The L1/L2 cache are inclusive in Intel
Intel x86 processors with respect to cache inclusivity fall into one of the following categories:
- There are three levels of caches. The L3 is inclusive of the L2 and L1. The L2 is NINE of the L1 (Not Inclusive, Not Exclusive). This category includes all of the following processors: (1) All client processors that implement the Core microarcitecture up to and including Rocket Lake, except for the Core X and Xeon W processor series designed for the client market segment. This also includes the Xeon W-10000 series for the client segment. (2) All server processors that implement the Core microarcitecture up to and including BDX, and (3) All Xeon E3, Xeon E, and Xeon W-1200 processors.

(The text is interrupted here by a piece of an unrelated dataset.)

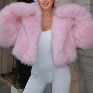 Pink Cute Women's Coat Jacket Faux Fox Fur Hooded Fleece Jacket

- There area two levels of caches. The L2 is NINE of the L1. All Atom processors (including Tremont) belong to this category. All old Intel processors (with two cache levels) also belong here.
- There are two levels of caches. The L2 is inclusive of the L1D and NINE of the L1I. KNL and KNM rocessors belong here. The information available for KNC and KNF says that the L2 is inclusive of the L1, although this could be inaccurate and the L2 may be only inclusive of the L1D on these processors too. See below for MCDRAM.
- There are three levels of caches. The L3 and the L2 are both NINE. This category includes all of the following processors: (1) All Pentium 4 processors with three levels of caches, (2) All generations of Xeon SP processors, (3) Xeon D-2100, Skylake Core X series processors, Skylake Xeon W series processors, which all use the SKX uncore rather than the SKL uncore, and (4) All Tiger Lake processors.
- Lakefield processors have a three-level cache hierarchy. The 4 Tremont cores share a NINE L2 and the Sunny Cove core has its own NINE L2. All of the 5 cores share an LLC that can be configured as either inclusive or NINE.
Some processors have an L4 cache or a memory-side cache. These caches are NINE. In KNL and KNM, if MCDRAM is fully or partially configured to operate in cache mode, it's modified-inclusive of the L2 (and therefore the L1), meaning that inclusivity only applies to dirty lines in the L2 (in the M coherence state). On CSL processors that support Optane DIMMs, if the PMEM DIMMs are fully or partially configured to operate in cache mode, the DRAM DIMMs work as follows:
The Cascade Lake processor uses a novel cache management scheme using
a combination of inclusive and noninclusive DRAM cache to reduce DRAM
band-width overhead for writes while also eliminating the complexity
of managing invalidates to processor caches on the eviction of an
inclusive line from DRAM cache.
according to Cascade Lake: Next Generation Intel Xeon Scalable Processor.
The MCDRAM cache in KNL/KNM and DRAM cache in CSL do not fall in any of the three traditional inclusivity categories, namely inclusive, exclusive, and NINE. I think we can describe them as having "hybrid inclusivity."
AMD processors:
- Zen family: The L2 is inclusive and the L3 is NINE.
- Bulldozer family: The L2 is NINE and the L3 NINE.
- Jaguar and Puma: The L2 is inclusive. There is no L3.
- K10 and Fusion: The L2 is exclusive. There is no L3.
- Bobcat: I don't know about the L2. There is no L3.
- K7 (models 3 and later) and K8: The L2 is exclusive. There is no L3.
- K7 (models 1 and 2) and older: The L2 is inclusive. There is no L3.
No existing AMD processor has an L4 cache or a memory-side cache beyond the L3.
VIA processors:
- Nano C and Eden C: I don't know about the L2. There is no L3.
- All older processors: The L2 is exclusive. There is no L3.
This covers all current VIA processors.
and L1 / L2 cache is 8 way associativity, means in a set there are 8
different cache lines exist.
This is true on most Intel processors. The only exception is the NetBurst microarchitecture where a single L2 way holds two adjacent cache lines, collectively called a sector.
An associativity of 8 is typical, but it's not uncommon to have different associativities. For example, the L1D in Sunny Cove is 12-way associative. See: How does the indexing of the Ice Lake's 48KiB L1 data cache work?.
The cache lines are operated as a whole, means if I want to remove few
bytes from a cache line, the whole cache line will be removed , not
the only those bytes which I want to remove. Am I right ?
Right, this is due to a limitation in the coherence state associated with each cache entry of each cache level. There is only one state for all of the bytes of a cache line.
does system store the evicted data of that cache line somewhere (in
any buffer, register etc) so that next time it can load the data from that place to reduce the latency
There are several factors that impact this decision: (1) whether the line is dirty, (2) the inclusivity properties of the higher-numbered cache levels, if any, (3) whether the line is predicted to be accessed in the near future, and (4) if I remember correctly, if the memory type of a line changed from cacheable to uncacheable while it's resident in a cache, it'll be evicted and not cached in any other levels irrespective of the previous factors.
So a lazy answer that works for all processors is "maybe."